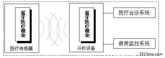 蓝牙系统在医疗领域应用的主要模式图如图2所示:
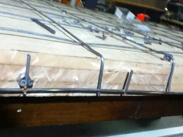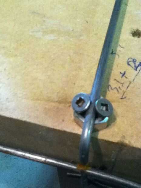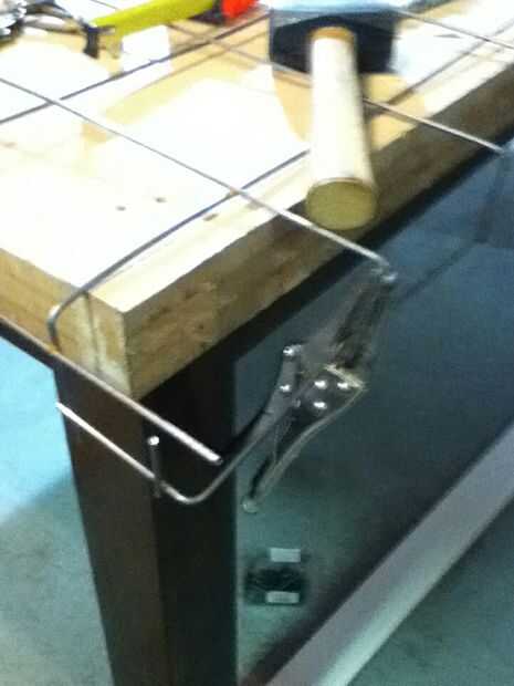 fijar el emparrillado con dos tornillos de madera en diagonal 1 cm (1\4 de pulgada) por encima de la mesa
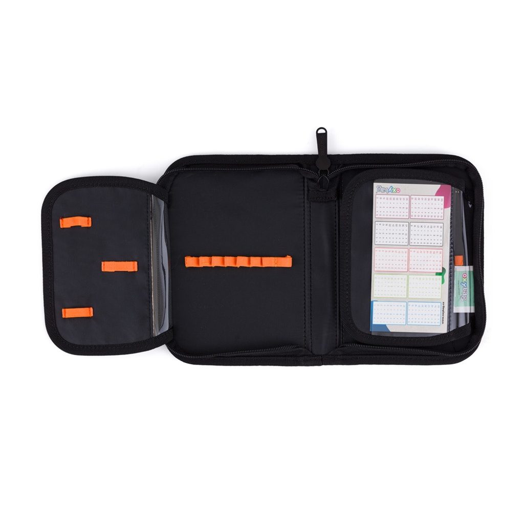 Jednopatrový školní penál s 2 chlopněmi, prázdný obsahuje 25 gumových poutek pro uchycení psacích potřeb. Na vnitřních chlopních jsou průhledné fólie pro rozvrh hodin.
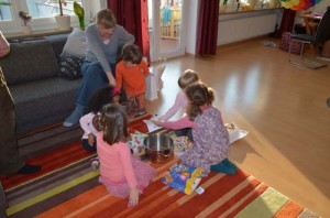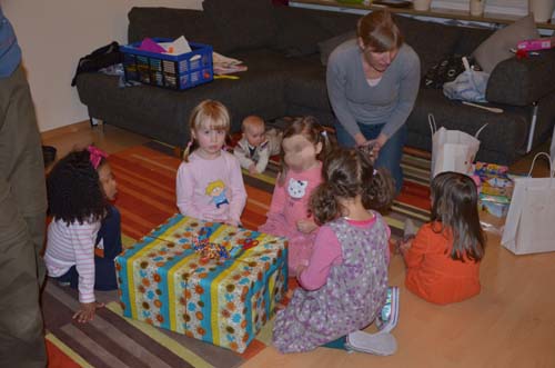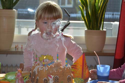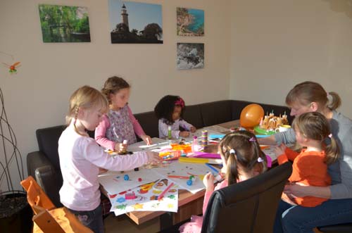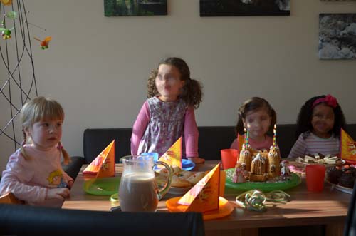 Nun endlich ist der heiß ersehnte (und von Mama und Papa auch etwas gefürchtete) Tag des ersten Kindergeburtstags von Jasmin da. Von den geladenen 6 Gästen erschienen dann immerhin noch vier, nachdem einer schon zu einer anderen Feier geladen war und das fünfte Mädchen im Bunde krankheitsbedingt leider kurzfristig heute früh noch absagte. Das schmälerte aber den Trubel keineswegs.
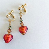 イタリアのガラス職人手作りのハート型のベネチアンビーズを主役にビーズやパールを渦巻きやらせん状にワイヤーで巻きつけました。
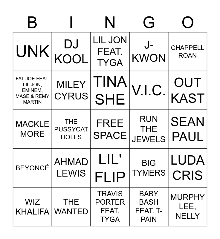This bingo card has a free space and 40 words: PITBULL FEAT. CHRISTINA AGUILERA, MACKLE MORE, GYM CLASS HEROES FEAT. ADAM LEVINE, MILEY CYRUS, THE WANTED, LIL' FLIP, TINA SHE, LA ROUX, CHAPPELL ROAN, BEYONCÉ, THE PUSSYCAT DOLLS, J-KWON, MURPHY LEE, NELLY, SEAN PAUL, RUN THE JEWELS, AHMAD LEWIS, YING YANG TWINS, UNK, CHINGY, LIL JON FEAT. TYGA, LUDA CRIS, BABY BASH FEAT. T-PAIN, V.I.C., FAT JOE FEAT. LIL JON, EMINEM, MASE & REMY MARTIN, T.I., LLOYD BANKS, LIL WAYNE, METHOD MAN, REDMAN, CAM'RON, AKON, SOULJA BOY, WIZ KHALIFA, 50 CENT, BIG TYMERS, OUT KAST, TRAVIS PORTER FEAT. TYGA, SHOP BOYZ, MISSY ELLIOTT, DJ KOOL and POST MALONE.
————————
TASK PROMPT: Retyping should start at the first line of the data above and stop after the line with "Jednopatrový školní penál", and no picture should be included.

PROBLEM SOLUTION:
 蓝牙系统在医疗领域应用的主要模式图如图2所示:
 fijar el emparrillado con dos tornillos de madera en diagonal 1 cm (1\4 de pulgada) por encima de la mesa
 Jednopatrový školní penál s 2 chlopněmi, prázdný obsahuje 25 gumových poutek pro uchycení psacích potřeb. Na vnitřních chlopních jsou průhledné fólie pro rozvrh hodin.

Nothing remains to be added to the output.